Доминантой художественного мира Нины Садур Н.Л. Лейдерман и М.Н. Липовецкий называют тему диалога с хаосом: «В ее театре персонаж, как правило, обнаруживает симулятивность окружающего его мира после встречи с хаосом – смертью, безумием, мраком».[77] Основной конфликт «Панночки» состоит в том, что герой сталкивается с нарушением привычного миропорядка. Он познает, что мир не такой, каким кажется на первый взгляд, пытается познать истинные причины этого нарушения, но где-то в подсознании ощущает, что такое нарушение и является признаком самого миропорядка:

«Мы тут живем, а оно ворочается, и скрипит, и чавкает. Оно шарит липкими усами, кого зацепить отсюда…» [78].

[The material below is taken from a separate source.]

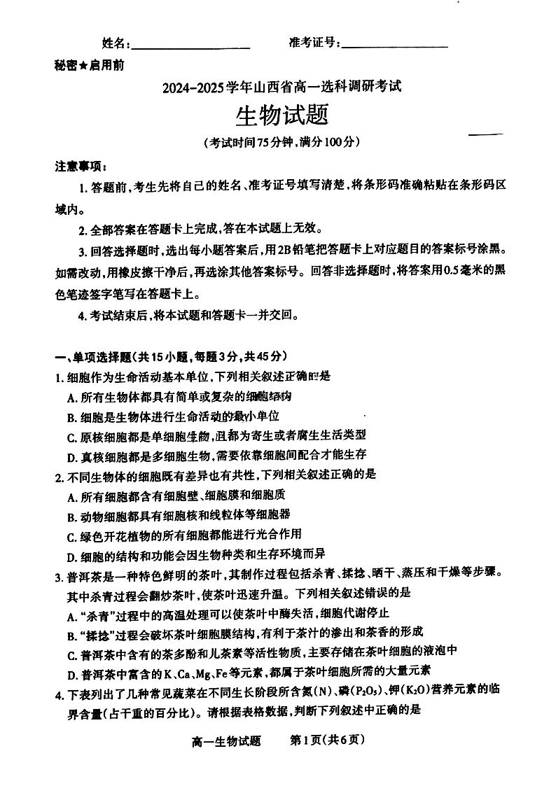 山西省晋城市2024-2025学年高一上学期12月选科调研考试生物试题含答案
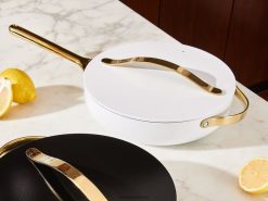 Tigaia noastră din ceramică (capac inclus) permite gătitul sănătos în bucătărie, fără substanțe chimice dăunătoare: folosiți pentru preparate cu stoc, petreceri și multe altele. Având un interior acoperit cu ceramică non-toxică, această tigaie antiaderentă durabilă face gătitul mai ușor ca niciodată, curățarea (îndrăznim să spunem) plăcută și adaugă un plus de culoare oricărei case.

В какой-то момент кажется, что вторая ночь у гроба Панночки и полное осознание двоемирия бытия совсем лишили Философа рассудка. Но для Садур человек с расстроенной психикой, юродивый, – святой, через нездоровую душу которого на свет божий протекает и Добро и Зло, захватывая окружающих людей. Так, поборовшись с Философом, Спирид вдруг чувствует себя нехорошо:

«Спирид. <…>Будто вытянул кто-то силу из моих жил, и грустно стало на сердце и тяжело. <…> (отвернулся от Философа) Так ведь вот же – оно и есть – как будто силы ушли от меня после нашей битвы с тобой» [79]

Для казаков Философ уже носит печать связи с потусторонним. Философ не в силах остановить эти потоки, идущие сквозь него в мир. Он до последней ночи пытается зацепиться за то, что держит его в «божием мире», «мире крещеном», «земле православной». Такими спасительными «зацепками» в дневном светлом мире становятся для него казаки, мысли о женитьбе, тепло, исходящее от Хвеськи, и даже горшки, попавшиеся на глаза и так радостно блестящие на солнце.

Но постепенно отделеннось Хомы Брута от реального мира возрастает. Идя на третью схватку, он понимает, что зло всё явственнее требует жертвы. Раскрывшиеся врата грозят затопить весь мир тьмой и нечистью, поэтому герой должен поплатиться за тайну своего знания. Перед Философом встает выбор: ему предстоит совершить ответственный поступок – пожертвовать собой или позволить потустороннему Злу прорваться наружу, поглотив мир живых. Хома Брут вдруг осознает, что это его задача – закрыть дыру, вдруг открывшуюся между мирами из-за того, что дерзнул он узнать тайну. В решении Хомы пожертвовать собой особую роль сыграли мертвые дети, голоса которых слышатся по ту сторону земли. Они побуждают Хому «вернуть в мир радость»: «надо собрать пепел и слепить заново тех младенцев. Пускай они и днем играют и ласкаются к своим мамкам».[80]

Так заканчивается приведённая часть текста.